Childeric mechanically obeyed the orders of the young girl, sat down on the floor, and began to play huckle-bones, while Septimine, with apparent unconcern, spun at her distaff near the window. A few minutes later the door of the room opened. Father Clement, the abbot of the convent, came in and said to the young girl: "You can go away; I shall call you back if I want you."
Septimine hastened to leave; but thinking she could profit by a moment when the monk did not see her, she placed her finger to her lips in order to convey to Childeric a last warning of discretion. The abbot happening to turn around suddenly, the girl hardly had time to carry her hand to her hair in order to conceal the meaning of her first gesture.
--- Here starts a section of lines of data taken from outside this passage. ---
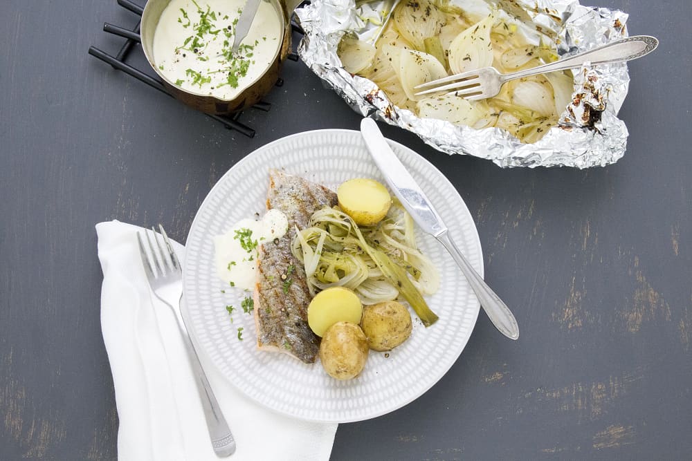 Visar placering 6–8 av de högst betygsatta recepten med regnbågslax.
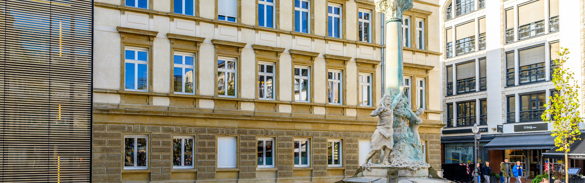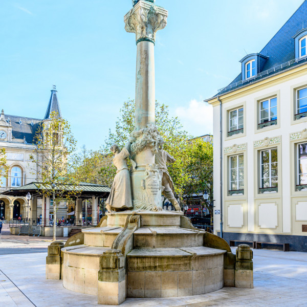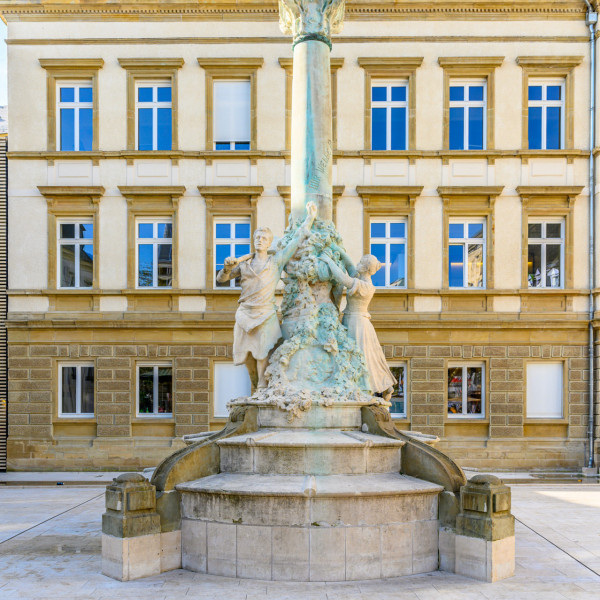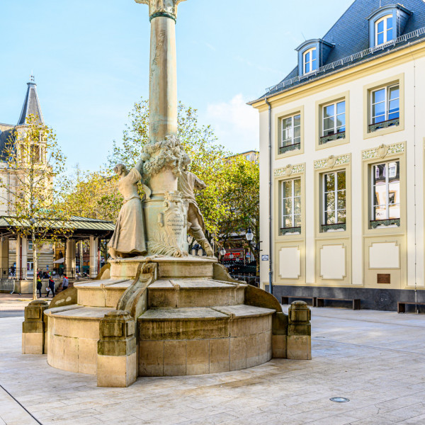 The monument is topped by a lion, the heraldic animal of the Grand Duchy, while the blacksmith incarnates the steel industry. The pillar contains a chiselled inscription, the wording of which is the motto of the Luxembourgers: “Mir wëlle bleiwe wat mir sin” (we want to remain what we are).
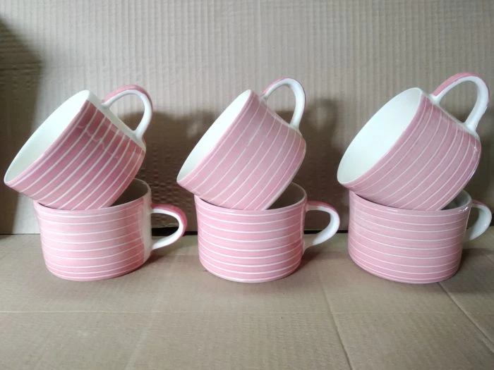 These beautiful hand-painted and hand-finished Sgraffito Wide ceramic mugs with their colourful stripe are from Musango. They are produced in Portugal. They have a lovely contemporary look and a tactile feel that gives them a real charm. They are a pleasure to drink from! Also available in a plain wash finish.

Septimine feared she had aroused the suspicion of Father Clement, who followed her with penetrating eyes, and her apprehensions ripened into certainty when, having arrived at the threshold of the door and turning a last time to salute the Father, her eyes met his scrutinizing gaze fixed upon her.
"May God help us," said the poor girl seized with mortal anxiety and leaving the room. "At the sight of the monk the unhappy prince became purple in the face… He did not take his eyes from the bed where we hid the rope. Oh, I tremble for the little fellow and for us!.. Oh! What will come of it?"